Simplifying Opioid Conversions

by Drew Rosielle (@drosielle)

A Satirical Monologue in One Act:

“Ok, 3rd year resident, let’s talk about rotating opioids. What do I mean by ‘rotating’ opioids? It’s just therapeutically switching one opioid with another. It’s um, like, a turnstile, I guess? Anyway--first let’s look at this equianalgesic table. Do you know what equianalgesia means? No? It is the concept that different opioids have the same analgesic power but at different milligram doses due to different potencies. That is, the idea that, say, 50 mg of oral morphine has the same analgesic power as 10 mg of hydromorphone. So 50 mg of oral morphine is equivalent to 10 mg of oral hydromorphone.

"Ok, let’s look at this table, every entry on this grid is equianalgesic, meaning that the 30 mg here of oral morphine has the same analgesic power as the 1.5 mg of IV hydromorphone. So, let’s say we have a patient on 100 mg oral morphine. How much hydromorphone is that “equivalent” to? Ok, so what we have to do is set up a cross multiplication problem…here’s how you do that.

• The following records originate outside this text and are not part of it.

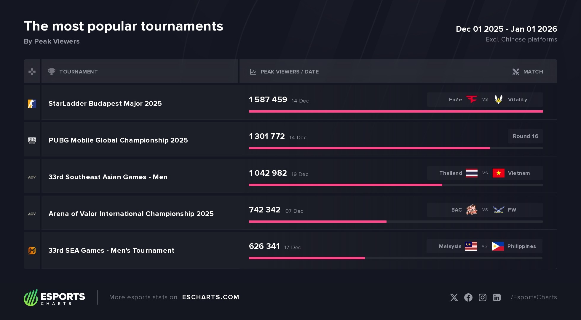 Rounding out the top five was another SEA Games event, this time featuring Mobile Legends: Bang Bang. While MLBB finished behind Arena of Valor in December, its inclusion once again underscored the growing importance of multi-discipline events like the SEA Games as major drivers of peak esports viewership at the end of the year.
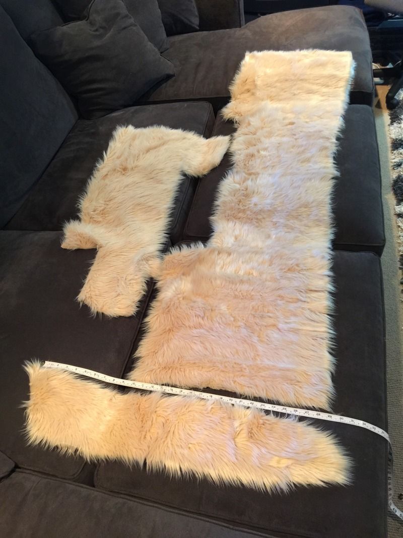 Beige luxury shag scraps. $8. This is from a few years ago, and the dye lot has changed a couple times since then, so this may be useful if you need to match a costume that's 2-3 years (or more) old.
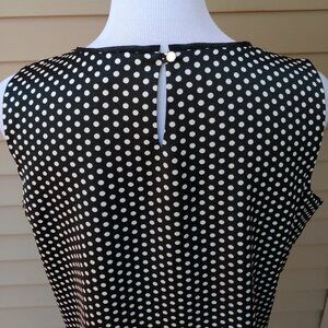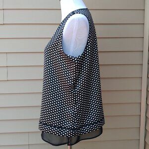 Calvin Klein Black Polka-Dot Shell Blouse Sleeveless Chiffon Trim Satin
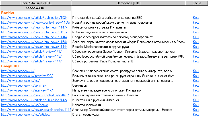Модуль “Анализ индексации сайтов” позволяет узнать, какие страницы сайта, ботами каких поисковых систем были проиндексированы (рис.3).
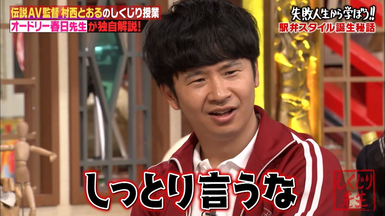 今回はオードリー春日が特別講師として初登壇!話題沸騰中のドラマ「全裸監督」で注目されているAV界のレジェント・村西とおる監督を題材に熱血授業します。 今回、番組は村西監督本人に直接取材。すると村西監督は、新しいことを生み出そうと、誰もやってないことに挑戦し続けた結果、前科7犯、借金50憶円、懲役370年求刑としくじりまくった過去を赤裸々告白。その壮絶エピソードからオードリー春日先生が人生の教訓を紐解きます。さらに村西監督からモノ作りに励むすべての人へ熱いメッセージも!お楽しみに!
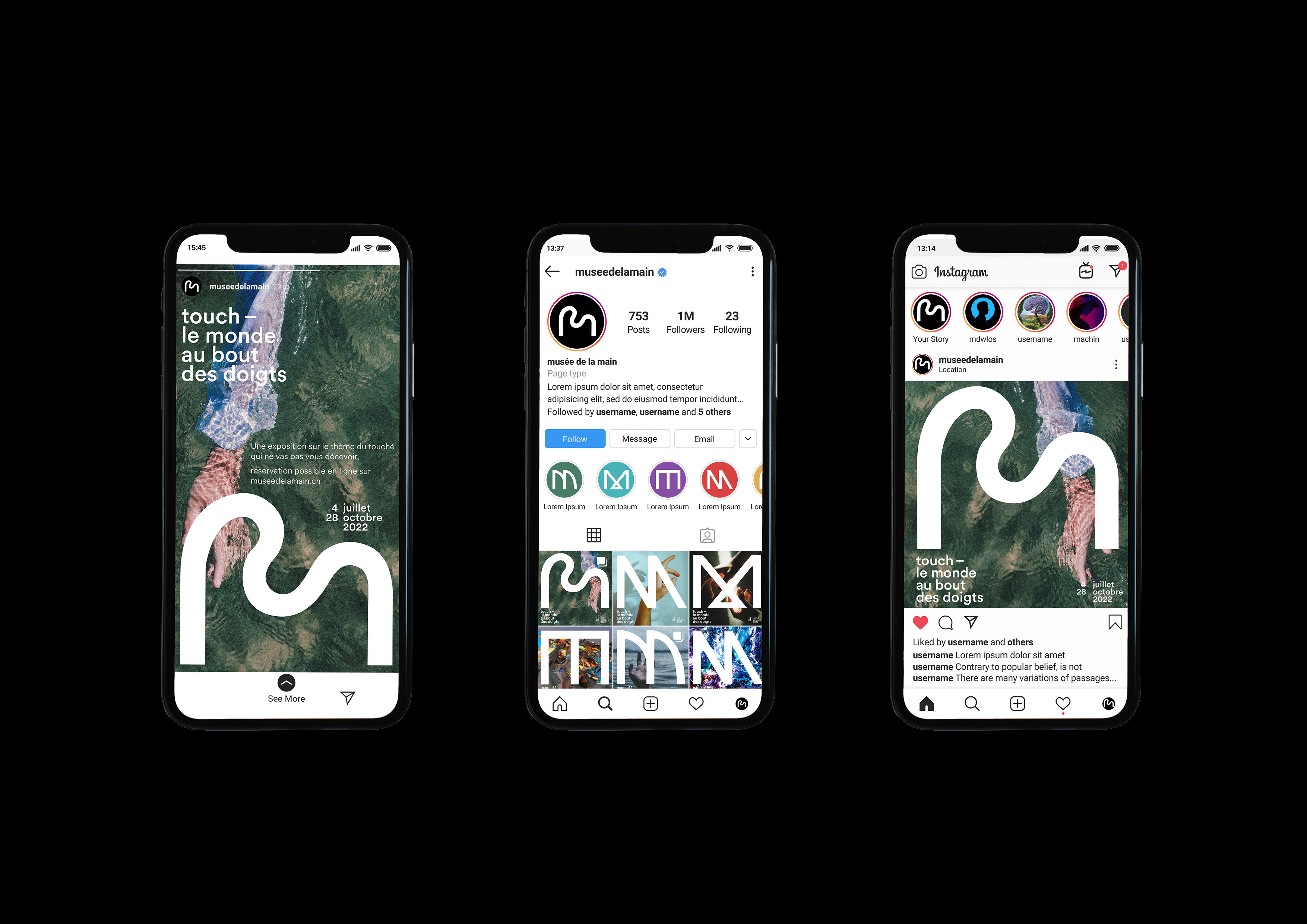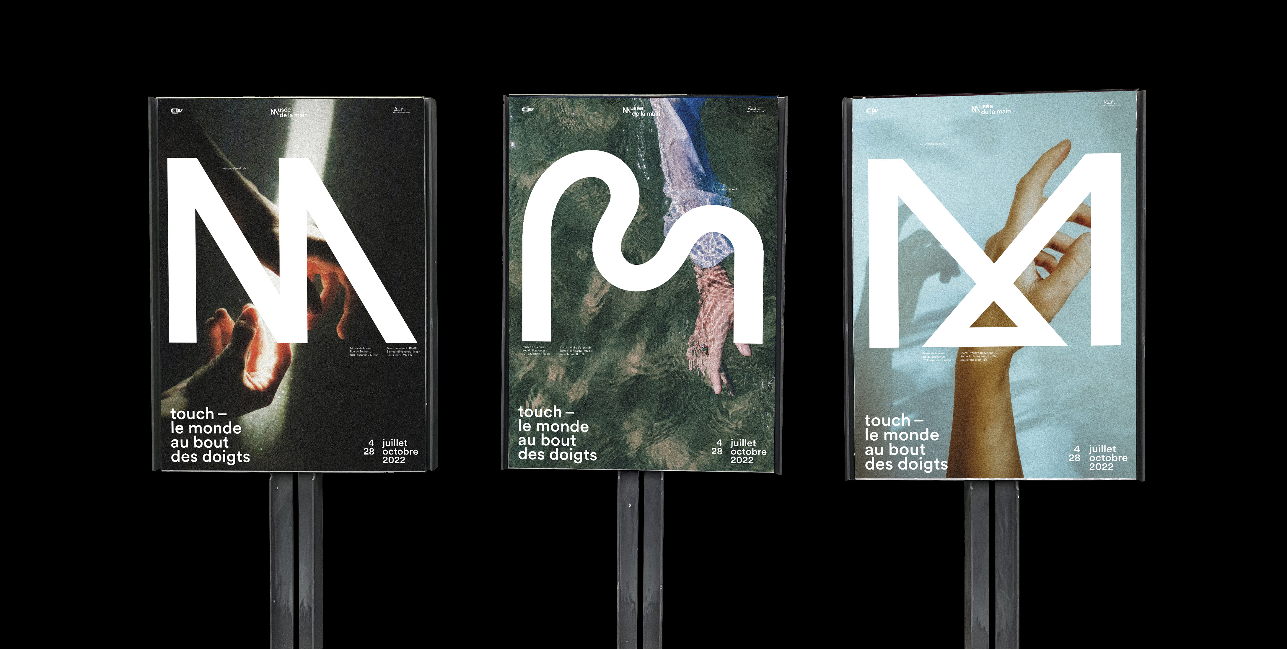 Creation of a visual identity for the museum of the hand in Lausanne (fictitious project). Design of a triptych of posters, social networks and a website model.
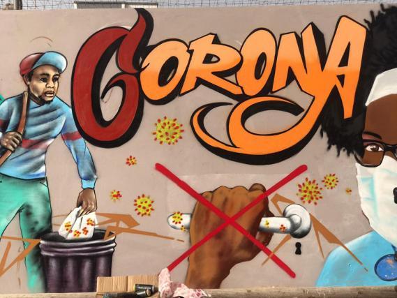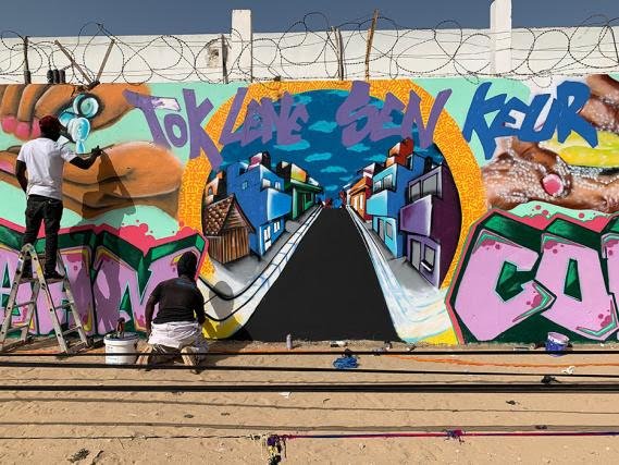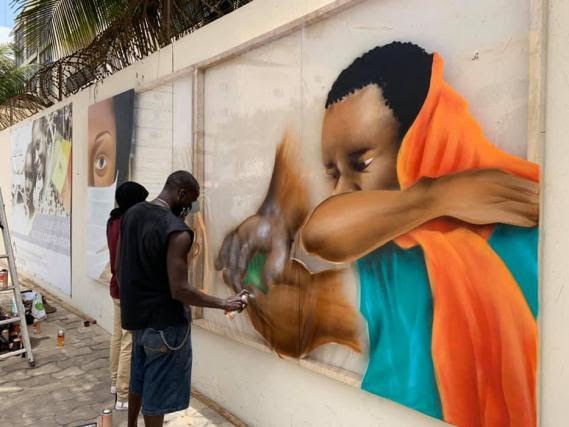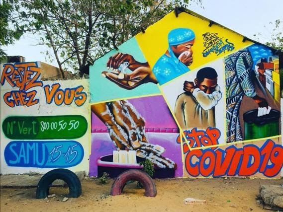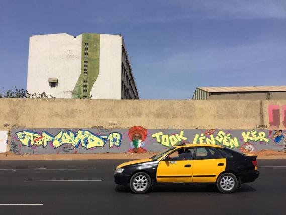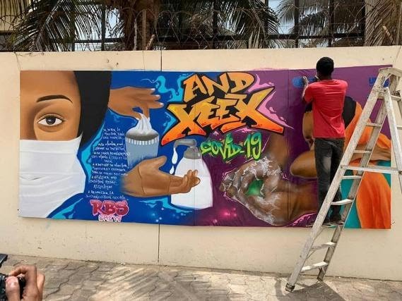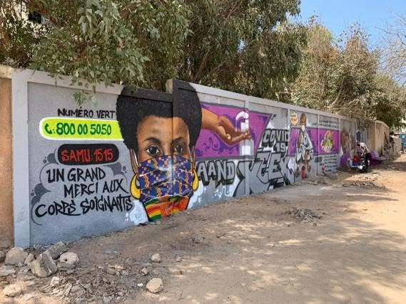 A Dakar, les artistes graffeurs des collectifs Doxandem Squad, RBS Crew et Undu Graffiti utilisent leur savoir-faire pour informer la population sur les gestes barrières universels à adopter, sur les risques encourus par les plus démunis et rendre hommage au personnel médical.

[We’ll skip the painful talk-through of the cross multiplication.]

"Ok, so it looks like the answer is 5 mg of hydromorphone IV. Now we have to adjust that dose for incomplete cross-tolerance. Do you know what that is? No? Ok, so incomplete-cross tolerance is the idea that our patient on 100 mg of morphine is somewhat tolerant to the morphine. They are therefore also presumably somewhat tolerant to any other opioid agonist like hydromorphone. The problem is that the tolerance they have to morphine may not fully apply to the tolerance they have to the hydromorphone—the morphine tolerance “incompletely” transfers so to speak to the patient’s hydromorphone tolerance. So, what that means is that even though this table says 100 mg of PO morphine is equal to 5 mg IV hydromorphone, for safety’s sake we need to reduce that 5 mg somewhat to determine what we actually put the patient on. That’s what we mean by reducing for incomplete cross-tolerance.

"If you have 5 minutes, it’s actually an interesting story, because no one is really sure that ‘incomplete cross-tolerance’ is even physiologically a phenomenon, like on the cellular level, our field just calls it that because that’s what it’s always been called. In fact, the idea of ‘incomplete cross-tolerance’ only makes sense if you think there actually is a firm “equianaglesic” potency relationship between morphine and hydromorphone that applies to most patients. In fact, no one actually believes that and the broad consensus is that there is a pretty significant range of ‘equianalgesia’ between any 2 opioids in different patients. I.e., in one patient, 100 mg of oral morphine may end up providing equal analgesia to 12 mg IV hydromorphone, in another patient, 4 mg of IV hydromorphone, etc. It’s a little bit of a crap-shoot.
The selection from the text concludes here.